形成外科専門医が解説 – 乳頭縮小術の術後経過(腫れ・痛み・ダウンタイム・抜糸・性交渉など)

乳頭縮小術を受けた後、どんな経過になるこか気になることがあると思います。
または、これから乳頭縮小術を受けようかどうしようかというときも先の見通しがたつとよいですね。
ここでは乳頭縮小術後の経過についてお伝えしていきます。
乳頭縮小術は手術の方法(縫合方法など)や抜糸のタイミングなどが医師によって様々ですが、ここでは当院の方法での一般的な経過として参考にしてみてください。

術後経過

≪術前≫

≪手術直後≫

乳頭縮小術直後は乳頭に細い糸がついています。
麻酔の影響で乳輪付近が収縮し、むくんでいますが大きな腫れには見えません。

≪手術当日帰宅時≫
手術が終わるとガーゼを乳頭部分にのせます。
このガーゼは乳頭部分からわずかににじんでくる出血を吸い取るためのガーゼです。
ガーゼの厚みが1cm弱くらいあるので、タイトな下着ではなくワイヤーなしのカップつきタンクトップなどを着用するとよいでしょう。
(そのため、持っていない方はあらかじめ手術前に用意しておくことをお勧めします。
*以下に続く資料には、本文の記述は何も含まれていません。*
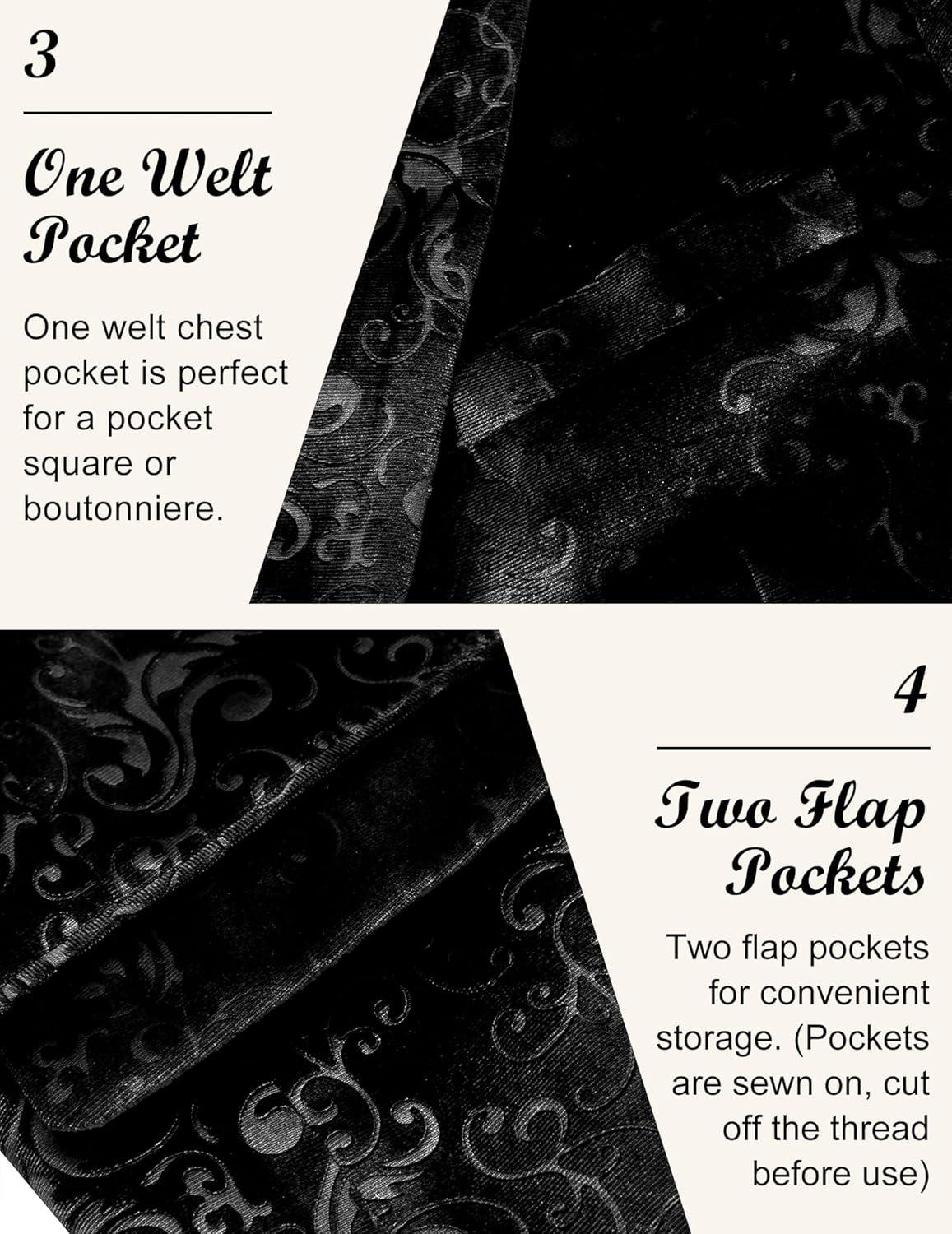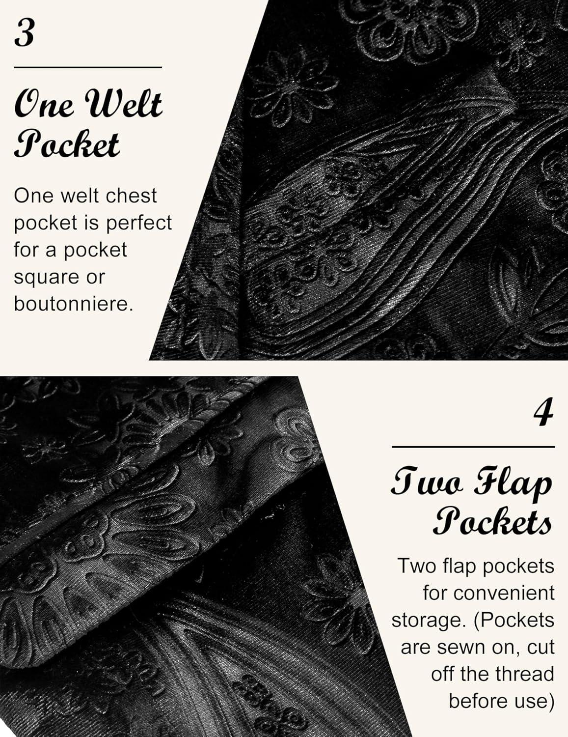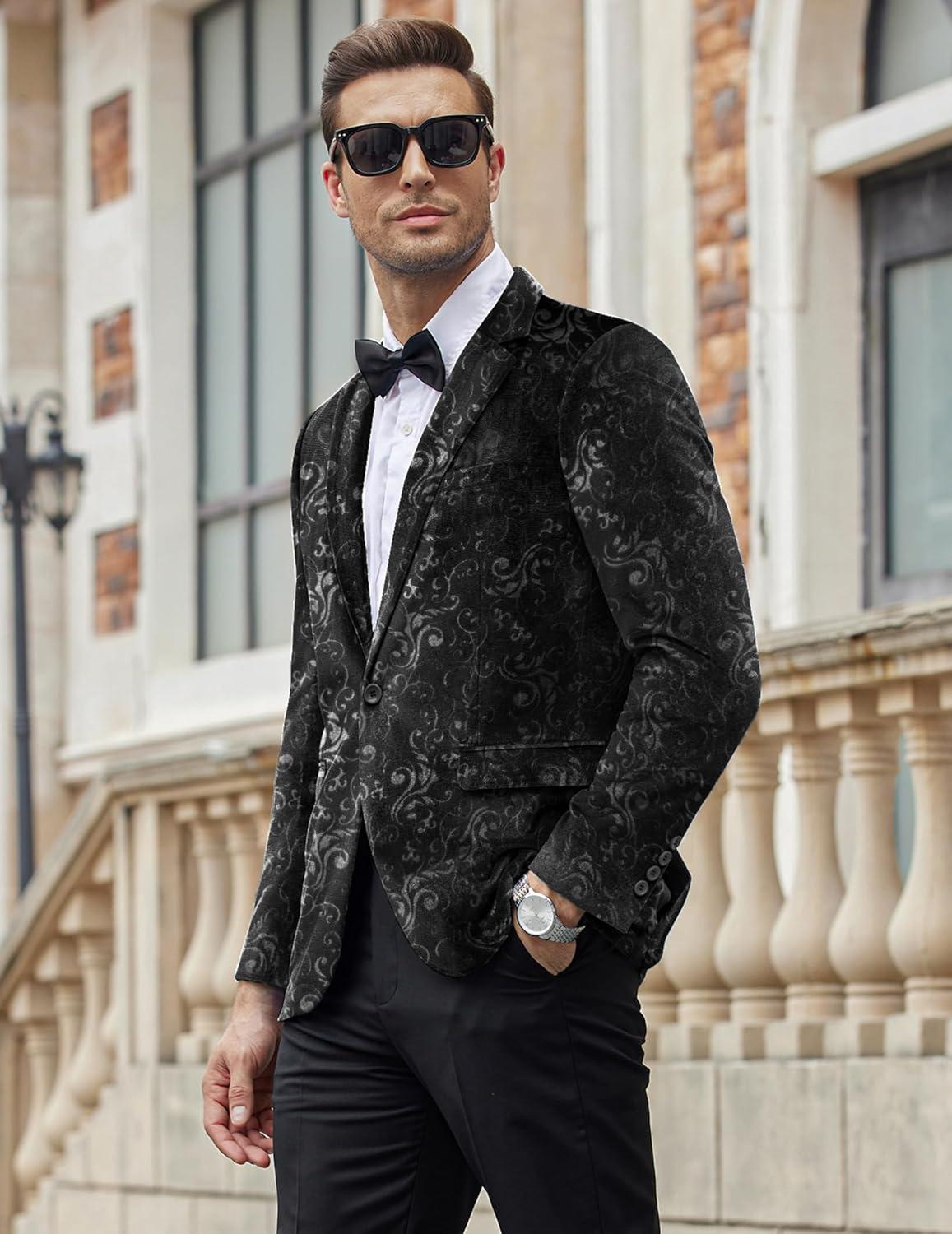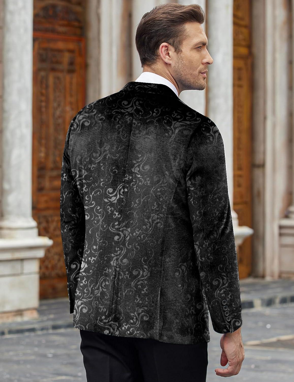 COOFANDY Men’s Velvet Blazer Notched Lapel Velour Suit Jacket One Button Tuxedo Jackets for Wedding Prom Party Dinner(Black Retro Floral)
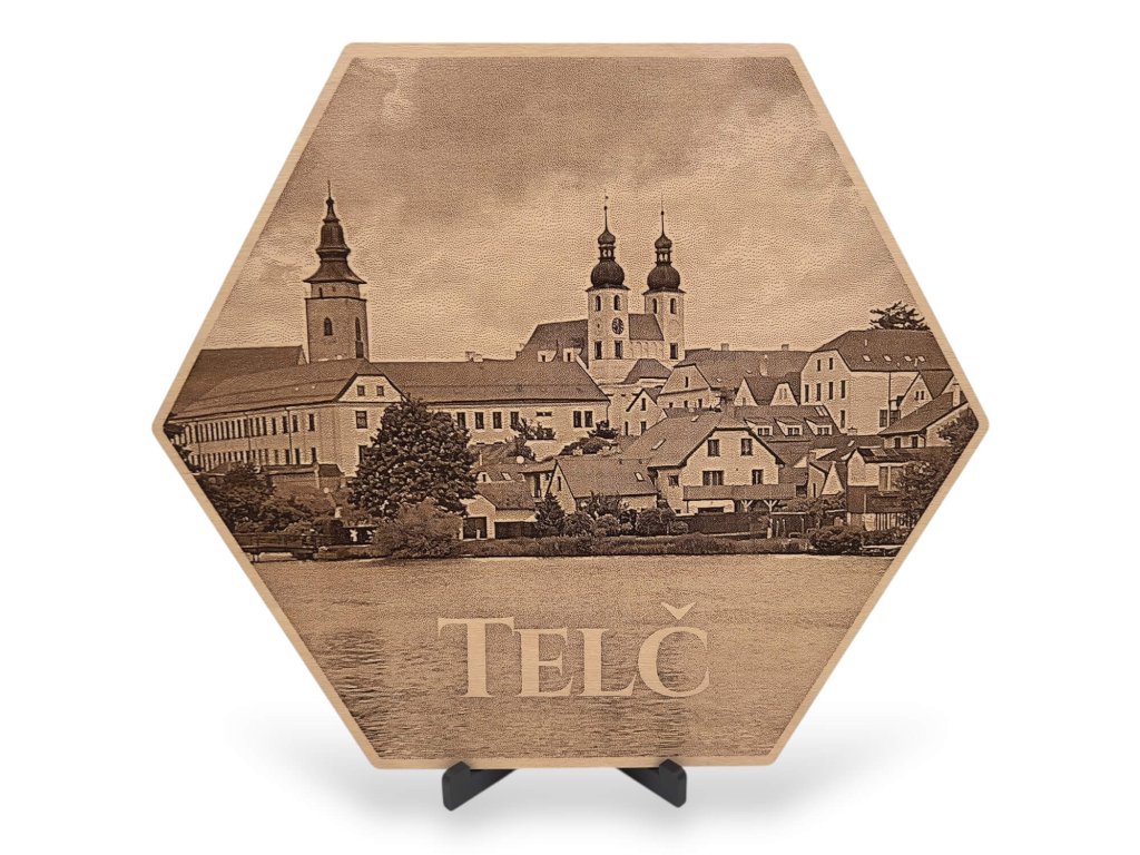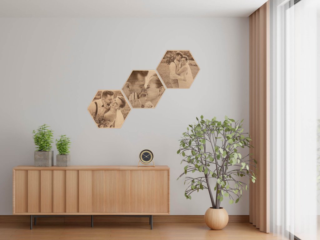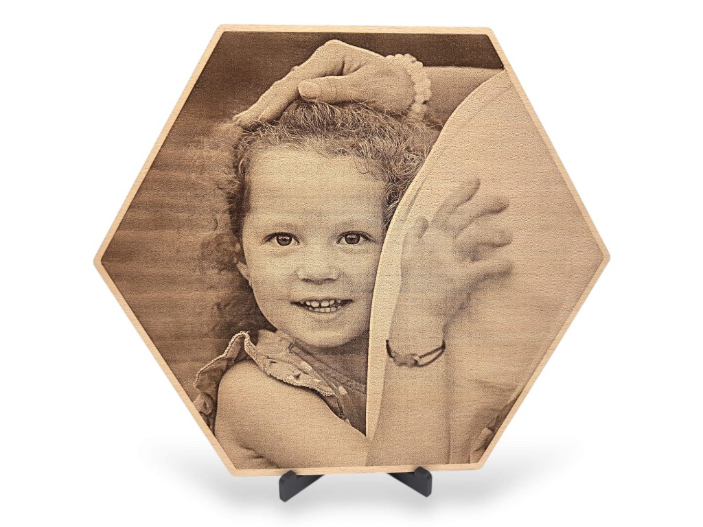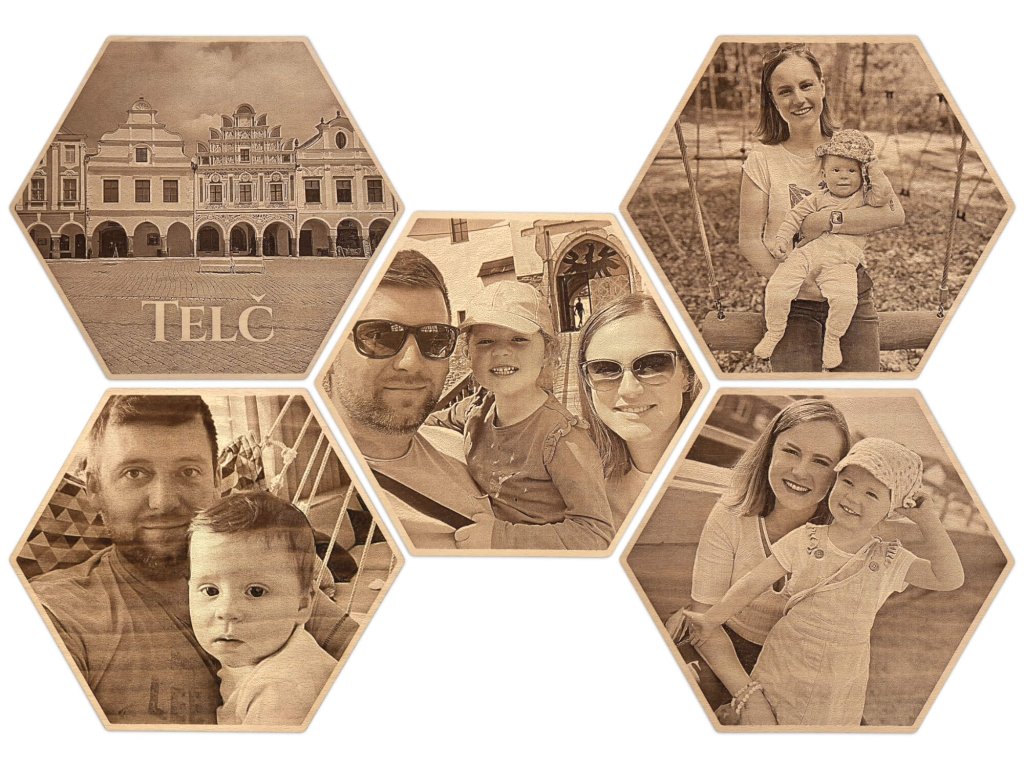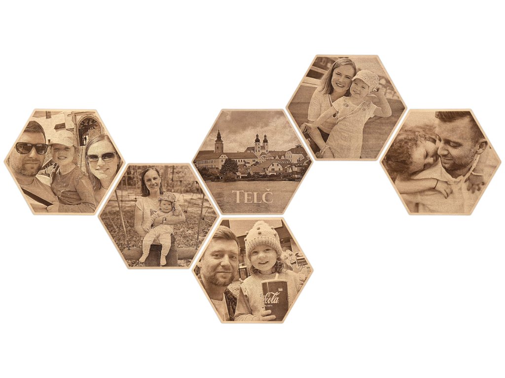 - 1× fotka vypálená do dřevěného hexagonu (šířka 50 cm, 5 mm buková překližka, z obou stran lakovaná)

)
乳頭縮小術は大きな手術ではないため日帰りでスムーズに帰宅できます。
手術当日の夜は乳頭が少しズキズキします。痛み止めをこのとき飲む方と飲むほどでもないかなという方がいらっしゃいます。
寝るときもゆったり目の衣類で寝るとよいですよ。
うつぶせ寝は避けましょう。

≪翌日≫

手術をして24時間後くらいにガーゼを外してもらいます。
翌日から患部を含めたシャワーが可能になります。
(※ただしこれは当院の手術方法の場合に限ります。)
例えば、朝に手術を受けた場合は手術の翌日朝のシャワー時にはずして大丈夫です。
午後に手術を受けた場合には翌日の夜のシャワー時にはずして大丈夫です。
だいたい翌日までは乳頭がズキズキします。
翌日は痛み止めを飲まない方も多くいます。痛みが気になれば内服しても問題ありません。
乳輪付近がぷっくりと膨らむくらいの腫れが出ます。
乳頭が通常よりも赤く見えることが多いです。
当然ながら術前よりは小さな乳頭になっていますが、腫れがあるため手術翌日の乳頭の大きさよりも最終的にはもっと小さくなります。
手術翌日はまだ若干血液がにじむことがありますので、その場合はガーゼを挟んでおくと下着を汚さなくてすみます。

≪術後2日目≫
手術翌日にガーゼをはずすことが怖かった方は術後2日目にはずしても問題ありません。
術後2日目は多くの方は手術翌日より痛みは軽くなり、自然には痛みは気にならないことが多いです。
術後2日まで痛み止めを飲む必要がある方はさらに減ってきます。
手術後の出血はほとんどなくなりますが、場合によってはまだ少しにじむことがあります。
気になるようであればひきつづき軽くガーゼをあてておくとよいでしょう。
乳輪・乳頭の腫れはまだありますが、日常生活に支障がでるような腫れは通常ありません。
場合によって、内出血の色が乳頭や乳輪の周囲にふんわりでることがあります。
内出血自体は出ても問題ありません。

≪術後3日目以降≫

術後3日目以降は痛みは更に減り、押さなければ痛くないという方がほとんどです。
乳輪の腫れ感がひいてくる時期となります。(この頃にはほとんど腫れに見えない方もいます。)
特に変わりなく生活できます。

≪術後5日目≫

≪術後1週間≫

ほとんどの腫れ感は術後1週間程度でなくなります。
内出血の色は場合によっては乳輪付近に黄緑色などがうっすら残っていることもあります。

≪術後1~2週間≫

だいたいこの時期に抜糸を行います。
抜糸直後は糸の跡が少しついているため縫合部分がカタカタしていますが、徐々になだらかになってきます。
乳頭近くの乳輪はまだ若干硬さがあります。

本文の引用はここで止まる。